(EXERCISE MATERIALS Opens)
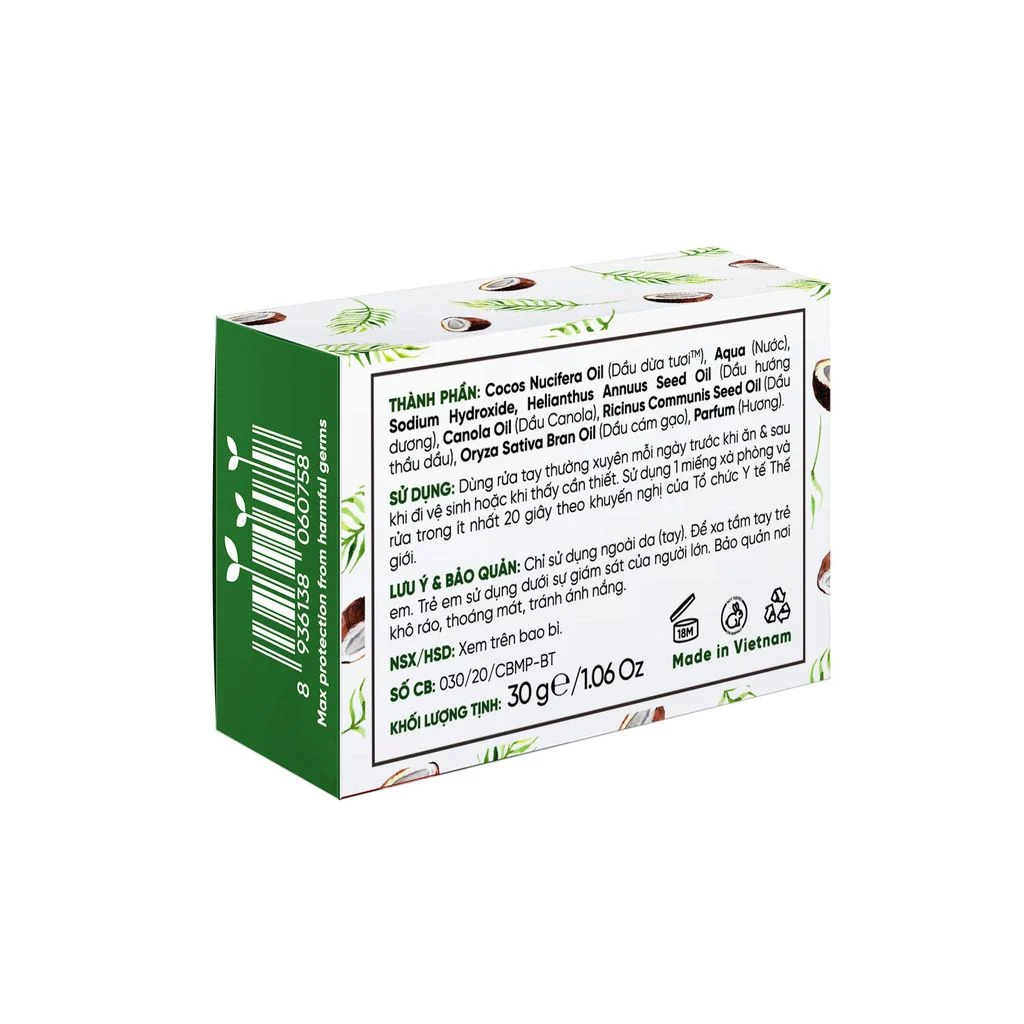 🌴 Thành phần xà phòng hóa chủ yếu từ dầu dừa tươi có đến 48% thành phần acid béo là lauric acid đã được chứng minh có tác dụng kháng viêm, kháng khuẩn hiệu quả, cũng như có tiềm năng trong việc tiêu diệt virus.
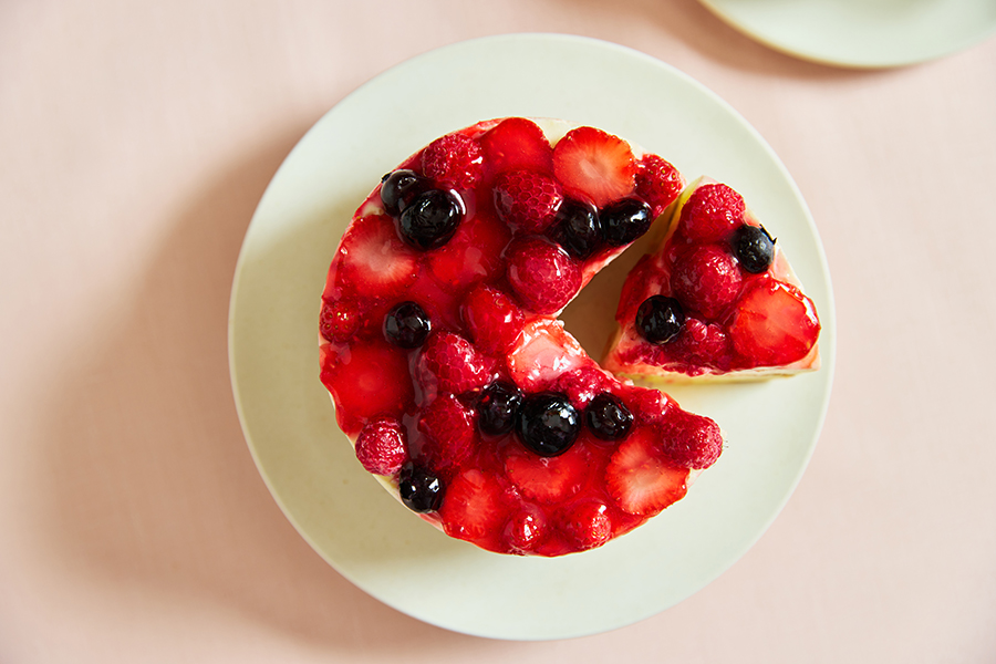 箱から取り出した瞬間、その鮮やかな彩りに歓声が上がりそう。お誕生日や記念日などの特別な日にぴったりです。2層のチーズケーキの爽やかな味わいと余韻は、食後のデザートとしてもおすすめです。
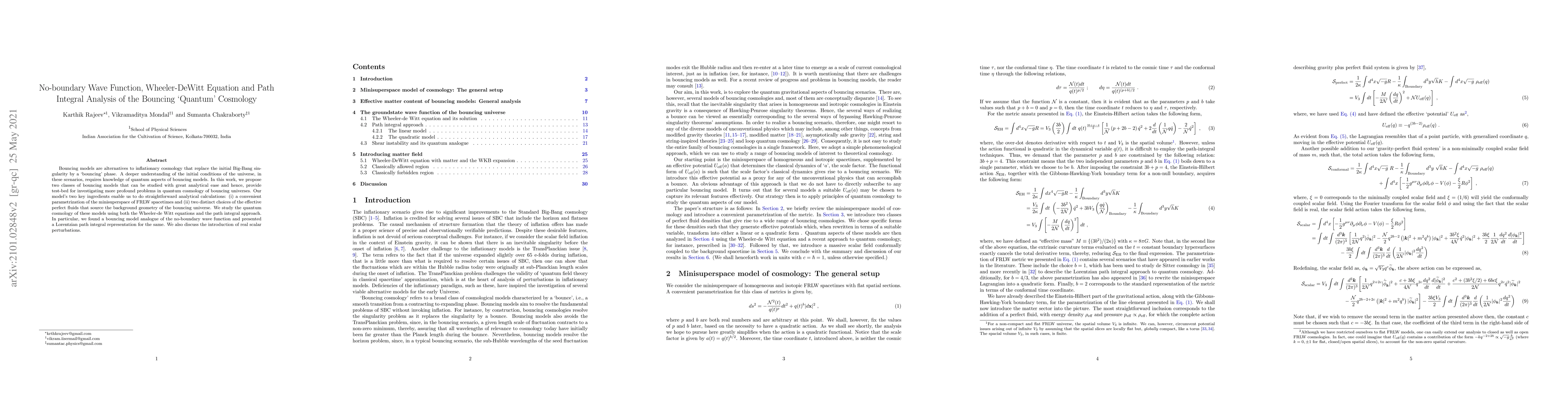 This paper proposes two analytically tractable bouncing cosmology models to explore quantum aspects of the universe's initial conditions, employing the Wheeler-deWitt equation and path integral methods to study their quantum cosmology, including the introduction of real scalar perturbations.
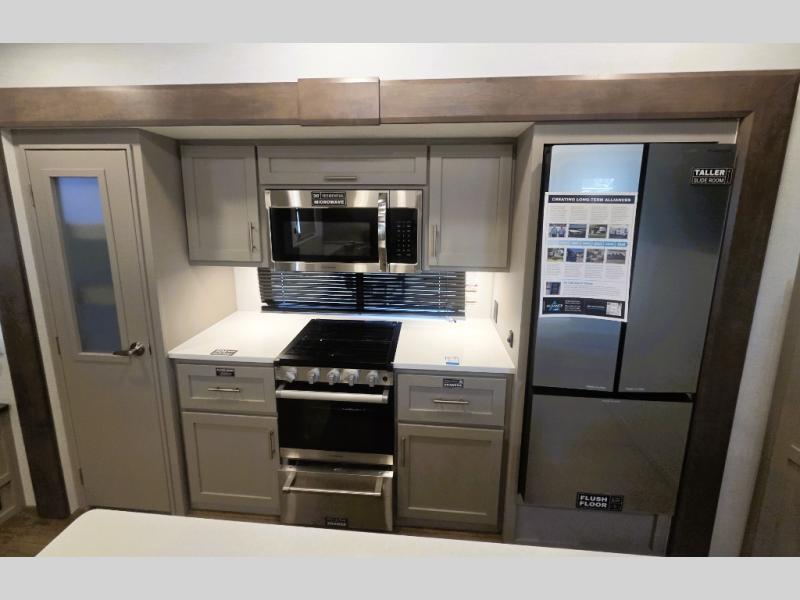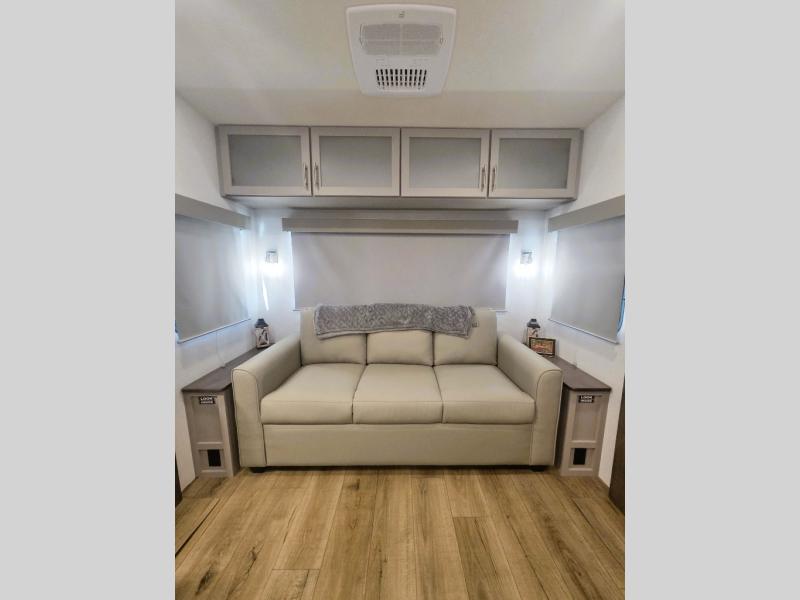 Perfect for families, couples, and travelers who crave space and style. The heart of this fifth wheel is the spacious living area, featuring a tri-fold sleeper sofa that's perfect for lounging and sleeping. Gather around the table with chairs and a bench for meals or socializing. The kitchen is fully equipped with a kitchen island, pantry, hutch, and overhead cabinets, providing ample storage and counter space. The microwave and 10 cu 12V refrigerator ensure that meal preparation and storage are convenient and easy. The full bathroom offers a private space for personal care, ensuring a comfortable and refreshing experience, and the front bedroom is a peaceful retreat, featuring a queen bed, nightstands, and overhead storage.
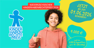 Unter dem Motto "Ich kenne meine Rechte" zeichnen das Land Niedersachsen und der Kinderschutzbund Niedersachsen auch in diesem Jahr wieder Aktionen aus, die sich für die Verwirklichung der Kinderrechte einsetzen. Ab sofort bis zum 1. Juni 2026 können Kinder und Jugendliche sowie Kitas, Schulen, Sportvereine, Gemeinden und Jugendverbände ihre Beiträge einreichen. Der Preis ist 2026 mit insgesamt 12.000 Euro dotiert. Zusätzlich gibt es dieses Jahr einen Sonderpreis zum 18. Geburtstag! Eine Jury unter Mitwirkung junger Menschen legt fest, welche Aktionen ausgezeichnet werden. Im Rahmen der Preisverleihung im Nachgang zum Weltkindertag in Hannover am 26. September werden die Preisträger:innen für ihren ganz besonderen Einsatz ausgezeichnet.
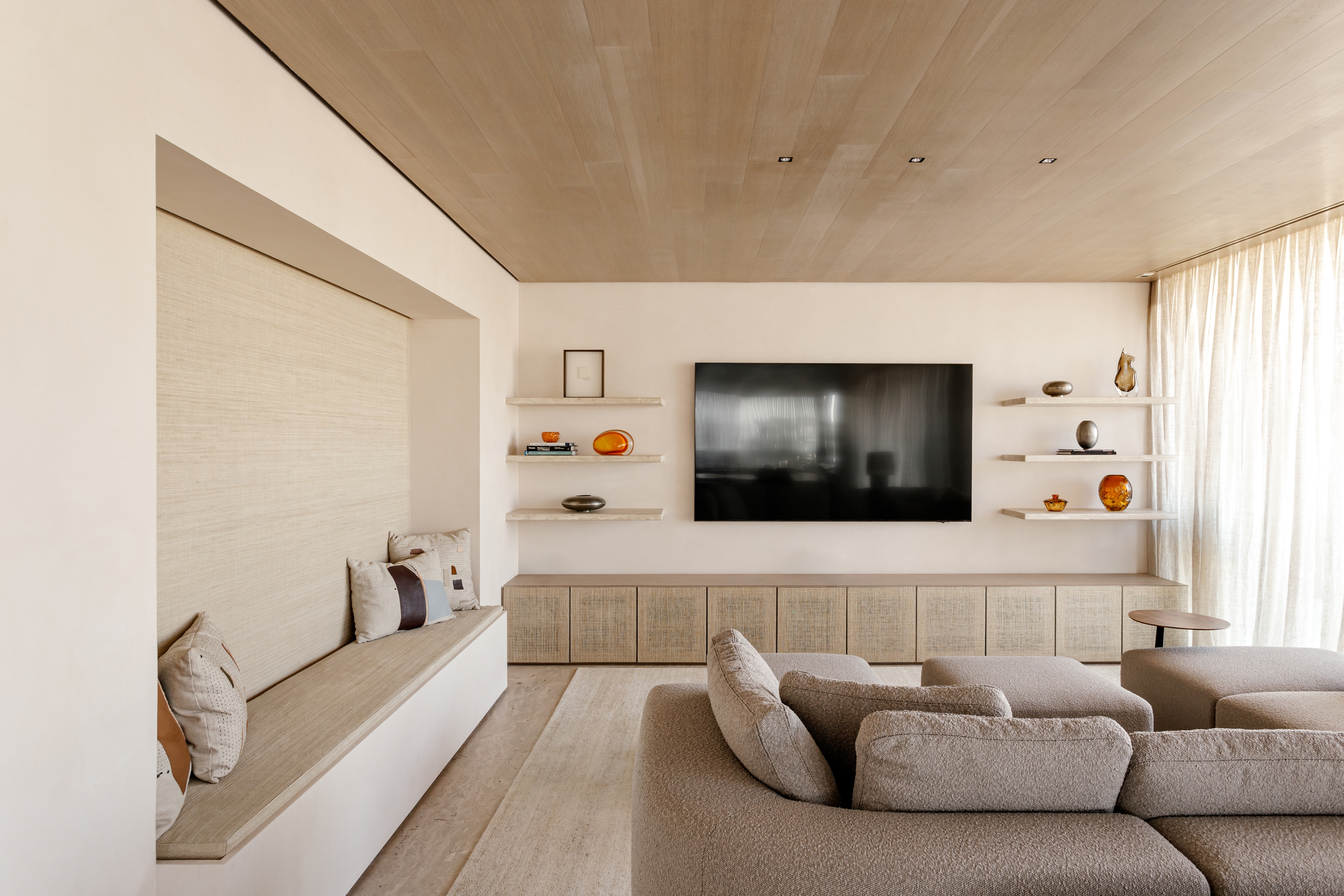 The artificial lighting design in the living area uses compact, efficient light sources, complemented by indirect lighting systems built into the cabinetry and the curtain track. The intensity controlled by automation, prioritizing comfort. The clean ceiling design reinforces a discreet approach.
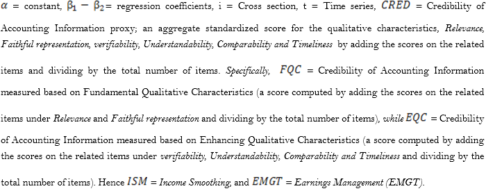Equation 2 represents the regression (predictive) model, estimating the effect of income smoothing and earnings management on credibility of accounting information.
(EXERCISE MATERIALS Closes)
-- EXERCISE BRIEF --
What's needed is an exact copy of the records above from the line containing "箱から取り出した瞬間、その鮮" down to the line containing "This paper proposes", both included, without any pictures.

-- TASK SOLUTION --
 箱から取り出した瞬間、その鮮やかな彩りに歓声が上がりそう。お誕生日や記念日などの特別な日にぴったりです。2層のチーズケーキの爽やかな味わいと余韻は、食後のデザートとしてもおすすめです。
 This paper proposes two analytically tractable bouncing cosmology models to explore quantum aspects of the universe's initial conditions, employing the Wheeler-deWitt equation and path integral methods to study their quantum cosmology, including the introduction of real scalar perturbations.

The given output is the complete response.